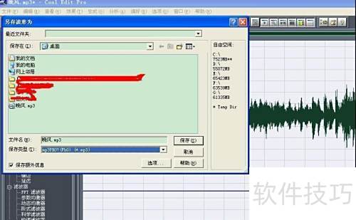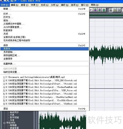 7、 完成音乐处理后,需进行保存操作。点击菜单中的另存为,选择桌面作为保存位置,便于日后查看或发送给相关人员。至此,伴奏制作的全部步骤已讲解完毕。
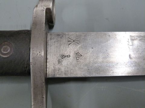 British 1887 pattern Martini Henry sword bayonet Mk3, with clear stamps to ricasso, 46cm unfullered blade, scabbard and frog
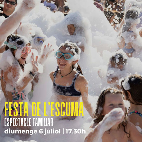 17.30h FESTA DE L'ESCUMA Tornen les muntanyes de bombolles, música a tope i diversió assegurada! Vine a la nostra festa de l’escuma més refrescant!
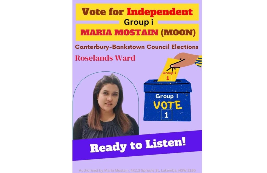 অস্ট্রেলিয়ার নিউ সাউথ ওয়েলস রাজ্যের সিটি কাউন্সিল নির্বাচন আগামি ১৪ সেপ্টেম্বর(শনিবার) অনুষ্ঠিত হতে যাচ্ছে। ক্যান্টারবেরি-ব্যাঙ্কটাউন সিটি কাউন্সিল নির্বাচনে রোজল্যান্ড ওয়ার্ড থেকে স্বতন্ত্র প্রার্থী হিসেবে কাউন্সিলর পদে নির্বাচন করছেন বাংলাদেশি বংশোদ্ভূত মারিয়া মোস্তাইন মুন। তিনি কমিউনিটির একজন সুপরিচিত মুখ।বাংলাদেশী কমিউনিটির সামাজিক সাংস্কৃতিক সকল কাজেই তার অগ্রনী ভূমিকা রয়েছে।এই প্রথম তিনি অস্ট্রেলিয়ার নিউ সাউথ ওয়েলসের স্হানীয় সরকার নির্বাচনে অংশ গ্রহনের মধ্য দিয়ে রাজনৈতিক কর্মকান্ডে কমিউনিটিতে নিজেকে নিয়োজিত করার জন্য নির্বাচনে অংশগ্রহন করছেন।
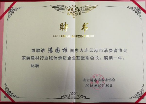連云港市消費者協會家裝建材行業聯盟副會長
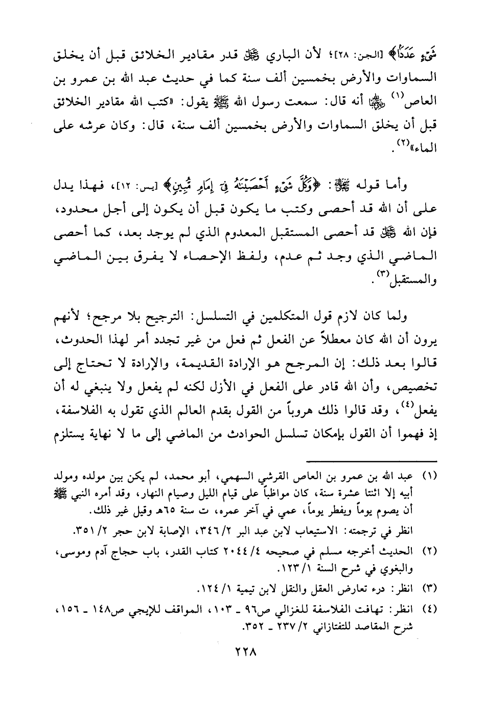 (¬4) انظر: تهافت الفلاسفة للغزالي ص96 - 103، المواقف للإيجي ص148 - 156، شرح المقاصد للتفتازاني 2/237 - 352.
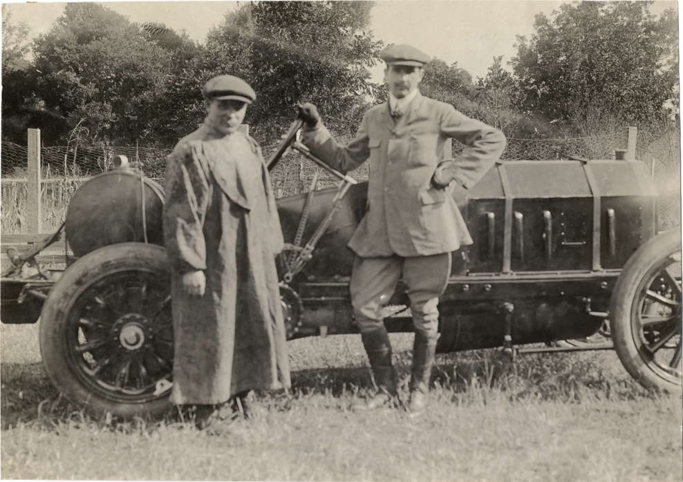 Drivers posing with racecar, 1908 Grand Prize races
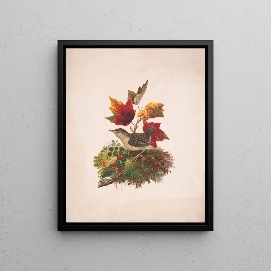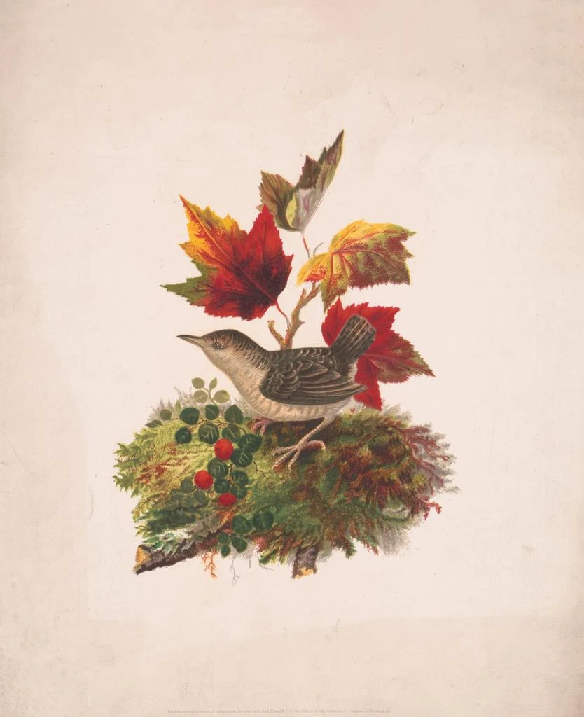Maleri En fugl med efterårsblade - Louis Prang Co | Kunsttryk
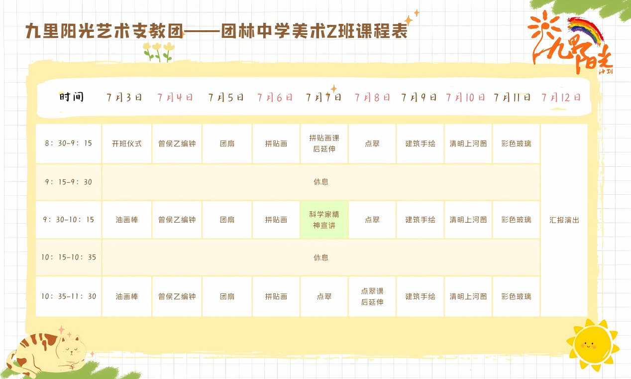 七月流金,掇刀生辉。为深入贯彻习近平文化思想,扎实推进教育强国建设,落实教育部全面实施学校美育浸润行动的号召,米乐mile官方网站米乐mile官方网站“九里阳光”艺术支教团教学有序进行。继随县美育之花盛放,支教团怀揣满腔热忱,于7月3日在荆门市掇刀区团林中小学继续艺术支教之旅,致力将优质美育资源注入乡村教育沃土,为孩子们打开一扇通往艺术世界的大门。
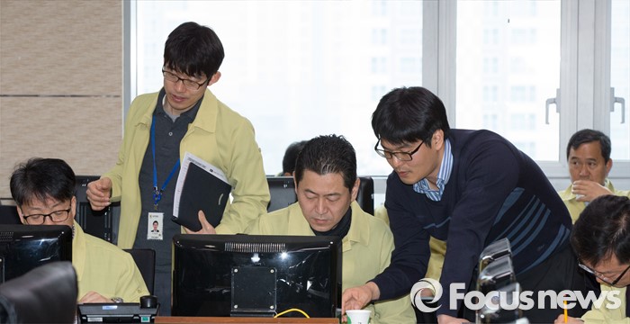 (세종=포커스뉴스) 26일 오전 세종시 정부세종청사 국토교통부 제주공항체류여객 비상수송대책본부에서 관계자들이 제주도 인근 운항상황을 점검하고 있다.
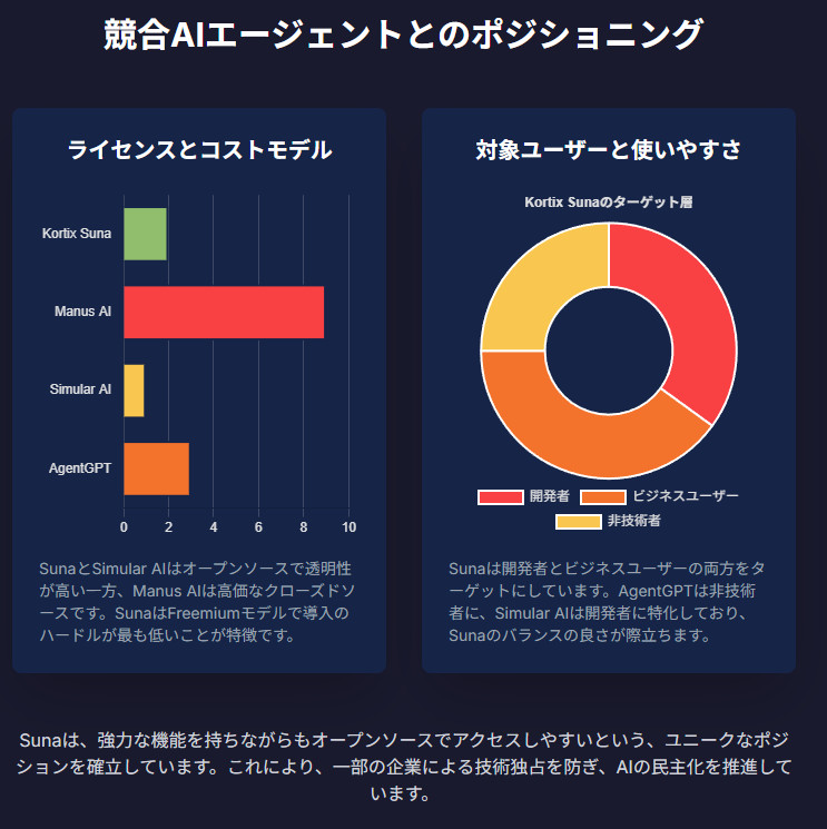 興味深いことに、「Suna」という名称は、競合するクローズドソースのAIエージェント「Manus」の綴りを逆にしたものです 。これは偶然ではなく、「Manusが約束する高度な機能を、無料で、オープンに、誰でも利用できるように提供する」という、市場に対する明確かつ挑戦的なメッセージと言えるでしょう。
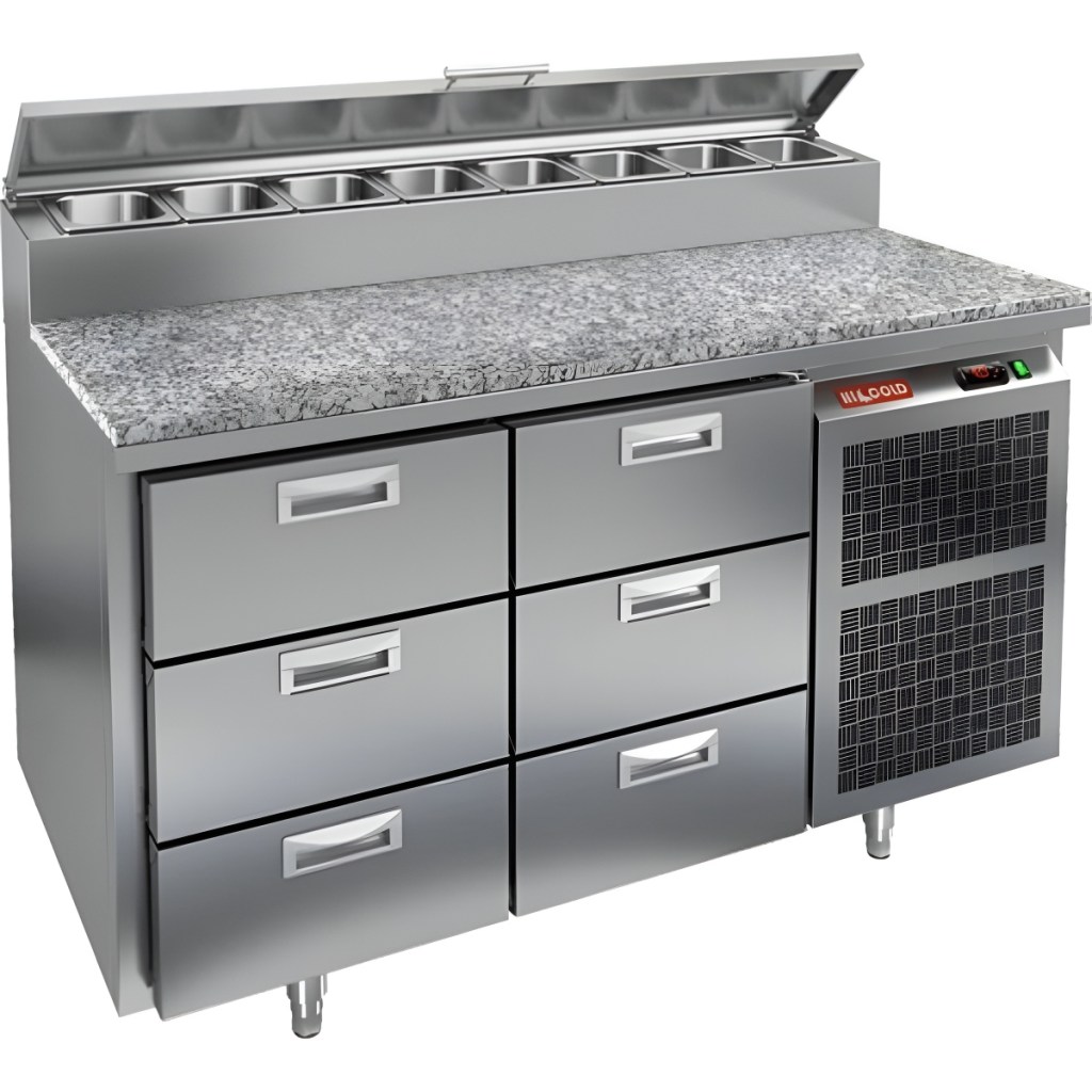 Стол холодильный для пиццы HiCold PZ2-33GN (1/6) камень предназначен для кухонь и предприятий общественного питания. Он используется для раскатки теста, подготовки ингредиентов для пиццы, салатов и других блюд, а также для охлаждения и кратковременного хранения скоропортящихся продуктов. Модель совмещает гранитную рабочую поверхность и охлаждаемый отсек с 6 выдвижными ящиками, обеспечивая удобный доступ к ингредиентам и эффективное хранение без дверей.
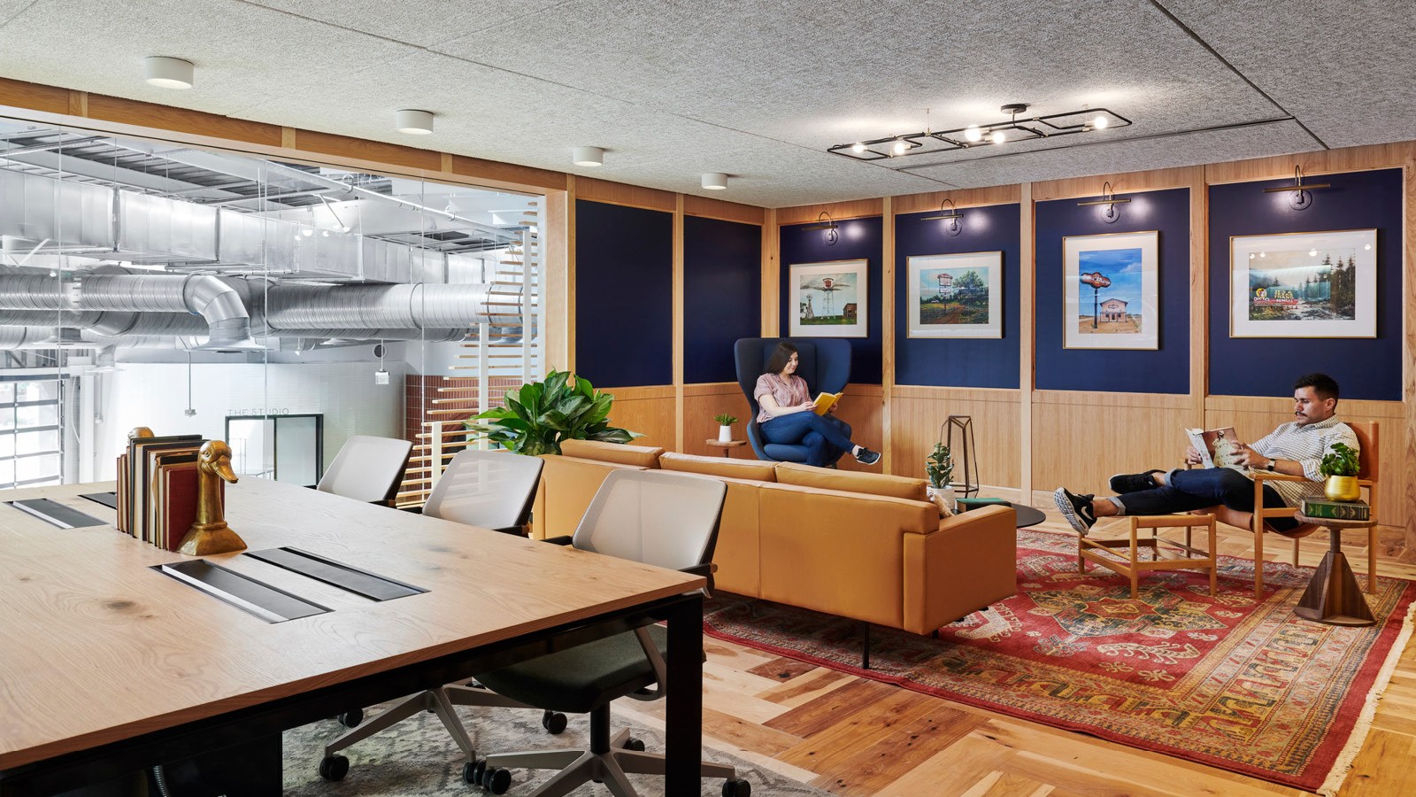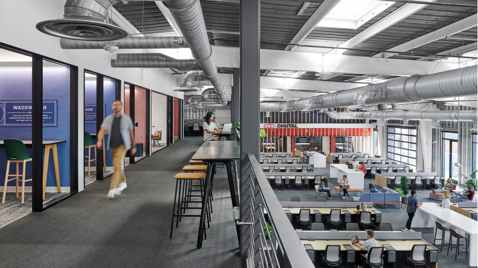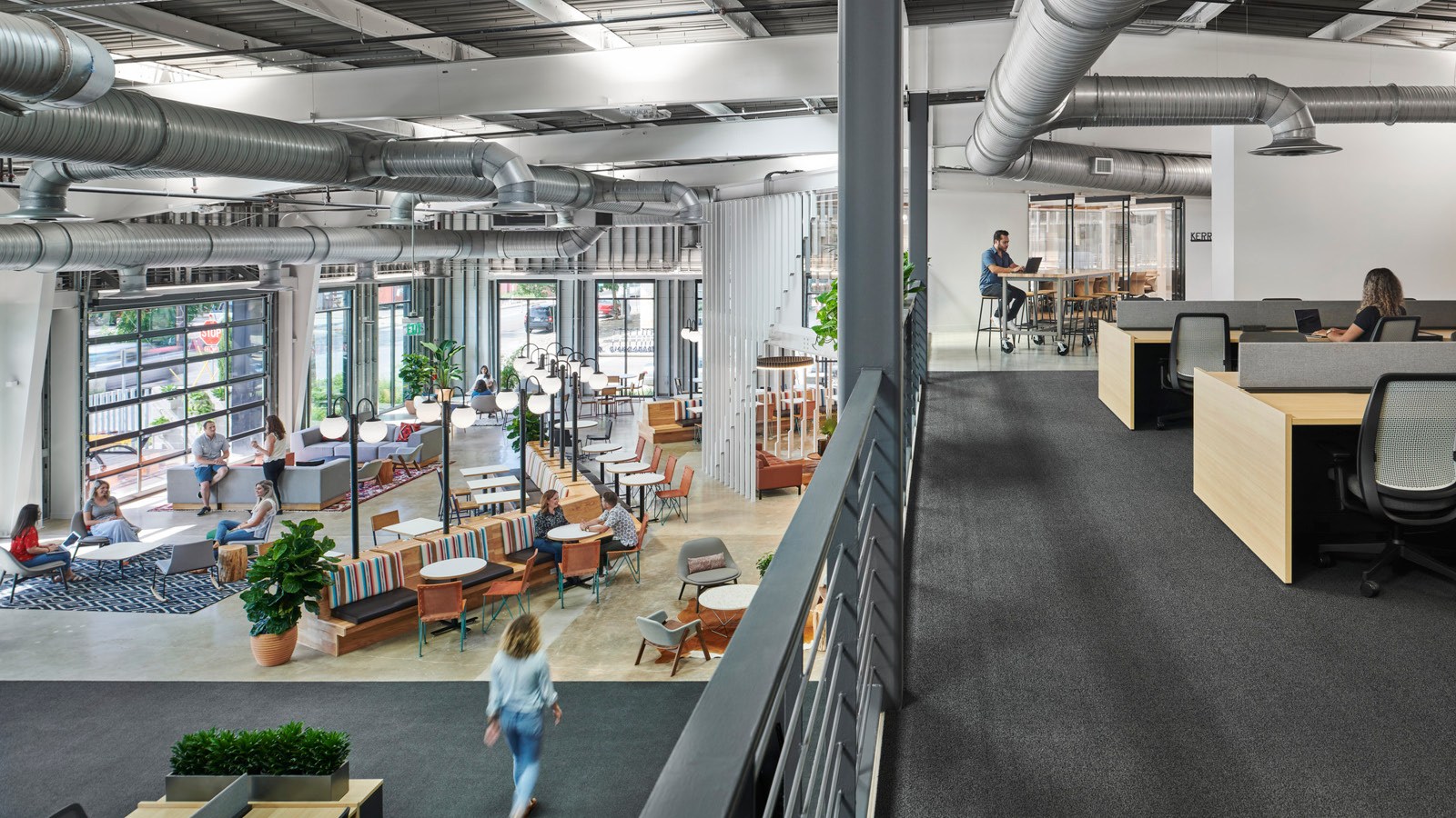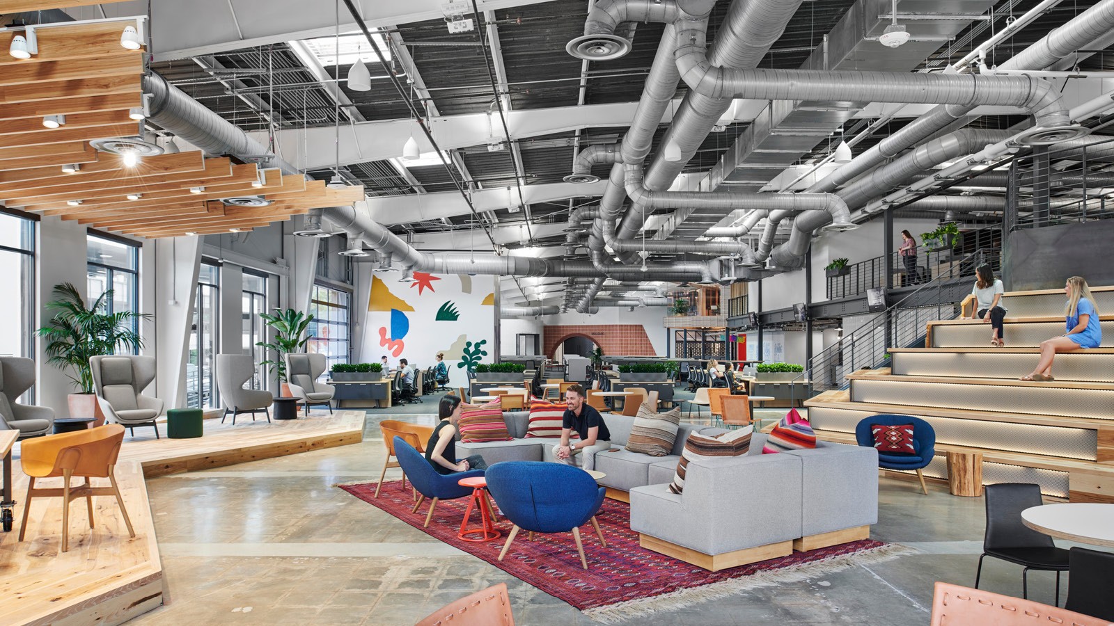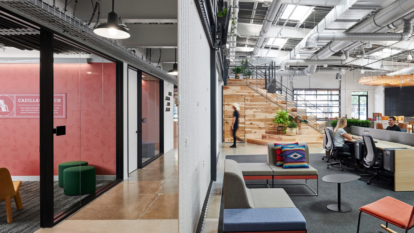 - Amenity spaces include an expansive work lounge that transforms into an all-hands zone, a quiet zone with a library, a series of branded coffee bars, wellness rooms, and a double-height climbing wall
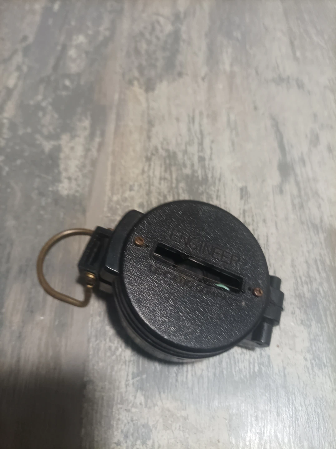 Selling a used lensatic compass, marked 'Engineer'. It appears to be in good working condition. Great for hiking or camping!
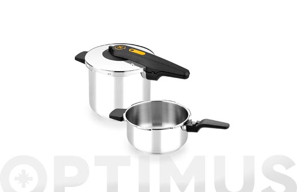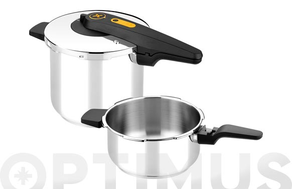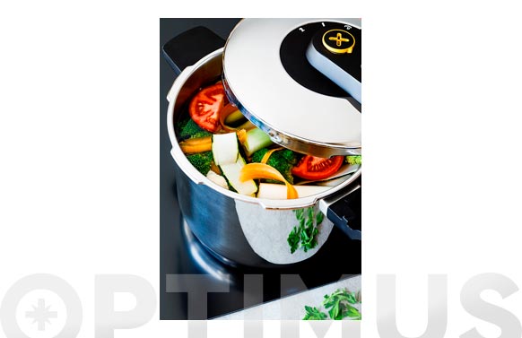 Excellent te da la posibilidad de cocinar en tiempo record una posibilidad infinita de alimentos y recetas. Reduce hasta un 70% de tiempo yahorra energía de forma respecto la cocción tradicional. Dos niveles de presión para cocina rápida y súper rápida. Triple fondo difusor FullInduction. Salida del vapor vertical. 4 sistemas de seguridad. Diseño llamativo. Manejo suave e intuitivo. Normativa CE. Cuerpo: Acero inoxidable 18/10. Pomo: Baquelita termo resistente.
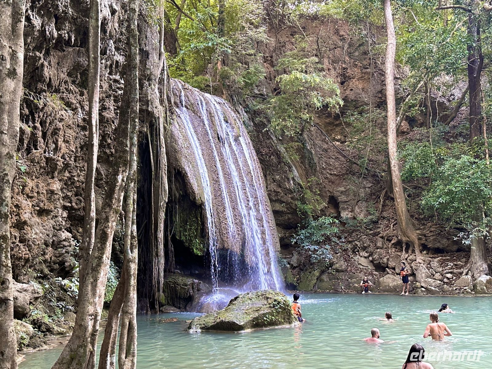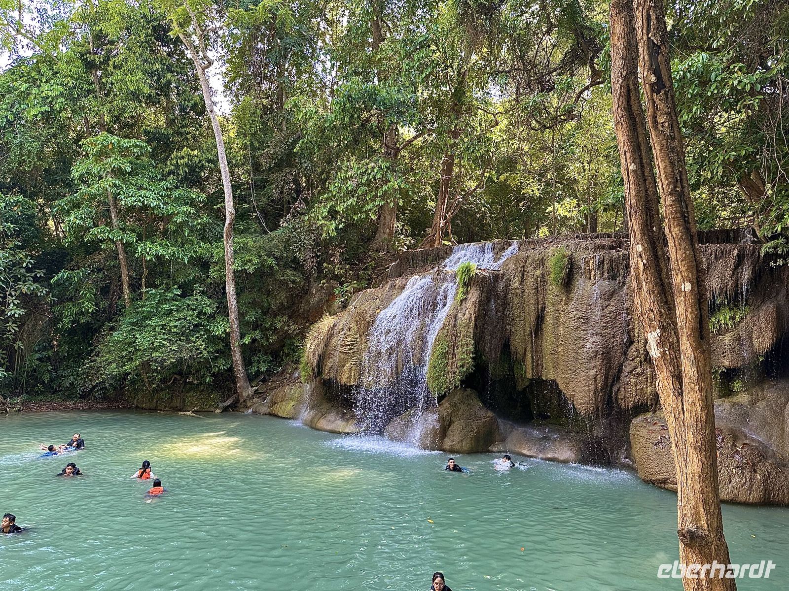 Frisch gestärkt starten wir dann weiter in Richtung Si Sawat und wollen dort den Wasserfallpark besuchen. Der Wasserfall besteht aus insgesamt 7 Ebenen, die man von unten nach oben step by step erklimmen kann. Die meisten von uns bleiben bei den Ebenen 1-3 und genießen das kühle Nass. Manche steigen sogar noch bis zur Ebene 4 auf. Erfrischt geht es wieder zurück in unsere Hotelanlage am Kwai und ab in den Naturpool im Fluss und zu einem geselligen Abendessen in unserer ruhigen Anlage.

*-*-*

• _THE TASK_
Would you copy out, exactly and with no pictures, only the lines above from the one that contains "- Amenity spaces" through the one that contains "Selling a used"?

• _TASK ANSWER_
 - Amenity spaces include an expansive work lounge that transforms into an all-hands zone, a quiet zone with a library, a series of branded coffee bars, wellness rooms, and a double-height climbing wall
 Selling a used lensatic compass, marked 'Engineer'. It appears to be in good working condition. Great for hiking or camping!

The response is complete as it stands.